The $250 million so far expended has provided Lourdes with state-of-the-art electronics. LANS has previously mentioned their computer capability to pick up targeted telephone numbers, then record the conversations. The upgrade has introduced voice-recognition capability to carry this surveillance to a higher level. By virtue of its activity in collection and correlation of data from "spy" satellites, ships and planes in the Atlantic region, Cereijo has aptly classified Lourdes as a "full-fledged regional command and control center."

Lieutenant General Patrick M. Hughes, Defense Intelligence Agency (DIA) Director, told the Senate Intelligence Committee in August 1996, "Lourdes is being used to collect personal information about US citizens in the private and government sectors." Has such information been used to blackmail members of the US Government into, say, supporting IMF "loans" for the USSR/CIS?38

Two additional categories have arisen in the domain of electromagnetic warfare, space requiring their detailed treatment in a later report. (1) In 1995 the USSR/CIS began construction of such a base at Bejucal (south of Havana) to be operated by Cubans, this in response to Cuban complaints over lack of access to Lourdes. (2) The Peoples Republic of China (ChiCom) began beefing up its relations with ML Cuba in 1993 (AFP 24 Nov 93) with the visit of President Jiang Zemin to the island. This was followed up by the 1995 visit of Castro to Beijing (p.92, YRBK97). In February 1999 a delegation led by ChiCom Defense Minister Chi Haotian arrived in Cuba (Xinhua News Agency 25 Feb 99).39 The ChiCom Peoples Liberation Army (PLA) is using and improving Cuban electronic espionage capabilities.

3. Russia is reported continuing to operate the ballistic missile submarine base at Cienfuegos Bay which was established in 1971. Various sightings of Polaris-type subs were reported in 1995. LANS has received no more recent reports, although various sources have stated that, at most, these facilities have been mothballed.

4. The so-called "missile crisis" of 1962 has been generally touted as some sort of US victory.
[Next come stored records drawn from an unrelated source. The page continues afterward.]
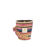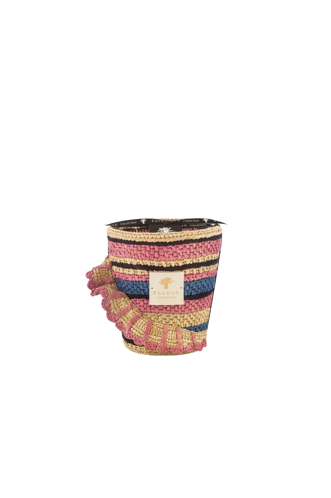 Covered in raffia crocheted with pink and sky-blue stripes, the Mandihy scented candle becomes a decorative object with a festive, humorous look. An embroidered pale pink ruffle is placed diagonally across the candle for a quirky touch.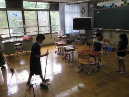 首筋に汗をかきながらのお掃除です。偉いですね。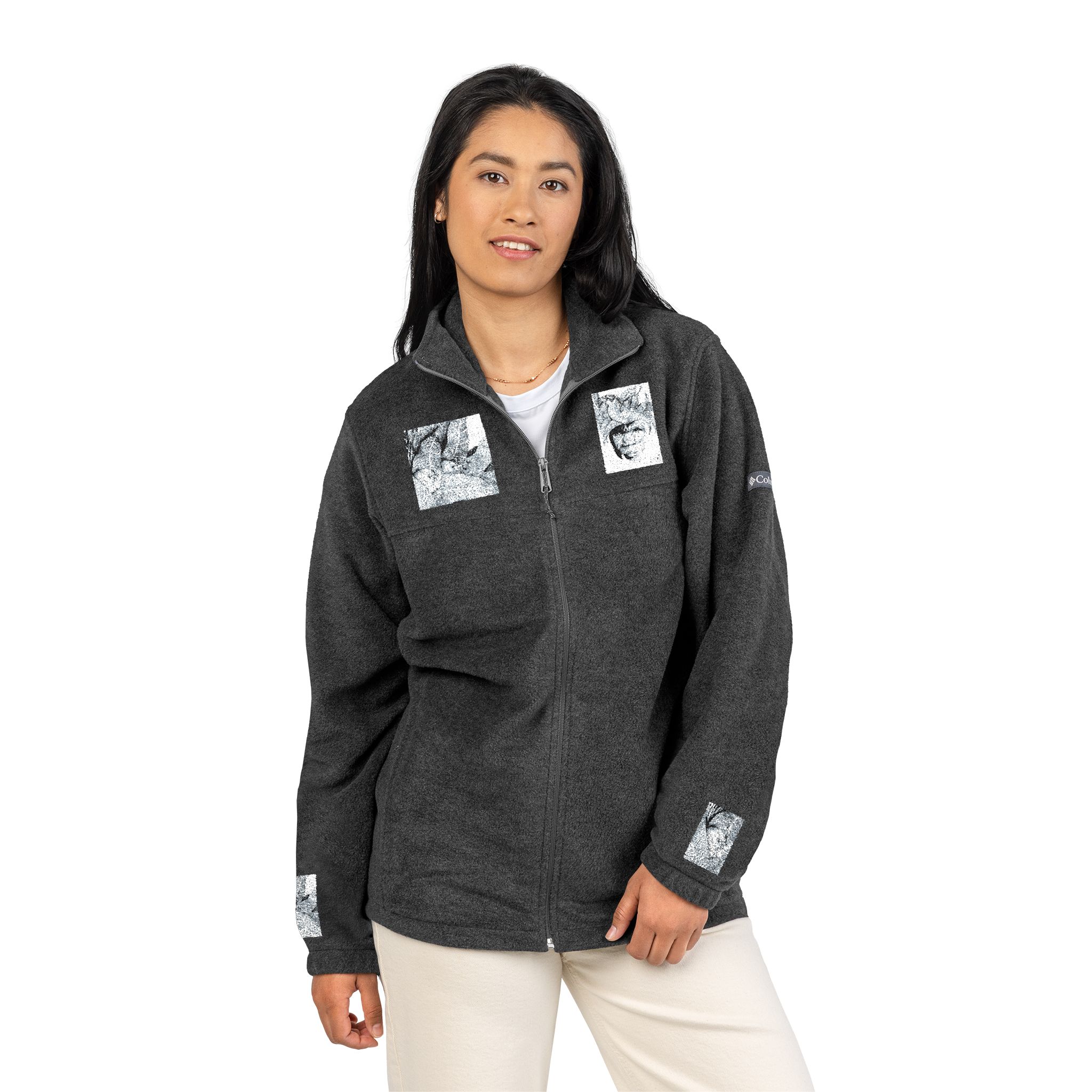 Built for the Journey: This charcoal fleece jacket feels like a quiet morning hike—warm, grounded, and built to move with you. Made with 100% MTR filament polyester fleece for high thermal retention (7.4 oz/yd² / 253.61 g/m²), it’s warm yet lightweight. The athletic cut offers a clean, streamlined silhouette that layers easily. Subtle embroidered artwork on the chest and back adds personality without shouting, making it a dependable, go-to layer for cooler commutes, trail checkpoints, or late-night campfire chats.

The evidence which has accumulated since then has supported the conclusion that these missiles were not removed,40 arguments in favor of removal verging on the ludicrous.41 That these delivery vehicles were not removed was inferable from the fact that no inspections were made in Cuba, no Soviet vessels boarded for inspection of canvas-covered deck cargo.

A treaty was signed on 28 September 1995 in Switzerland between the United States and Russia. The key paragraph is: "The parties understand that the treaty does not prohibit them from translating the ICBM (Intercontinental Ballistic Missile) and SLBM (Submarine Launched Ballistic Missile) outside their national territories."

LANS interviewed Lester T. Carbonell as this was being prepared. He stated that he had no recent information on siloed missiles but that he had encountered information on Chicom mobile Intermediate Range Ballistic Missiles (IRBM). Eduardo Prida (Spcl 8.6) has mentioned reports of emplaced IRBMs in central Cuba, and Congressman Díaz-Balart maintains that SS-22s could readily be obtained on the international black market.

5. On 14 May 1999, the Russian news agency Interfax reported that Cuba and Russia have agreed to a "joint venture" to complete the reactor for a nuclear power plant at Comunidad Juraguá (Cienfuegos), perhaps with funds from US economic aid. The CG is concerned, not because the plant could provide a source of weapons-grade fissionable material, but because there might be some sort of "accident" (AFP 30 Jan 99). From the PC treatment which the subject has received in most of the press, it can be predicted that even this relatively minor concern is to be ignored.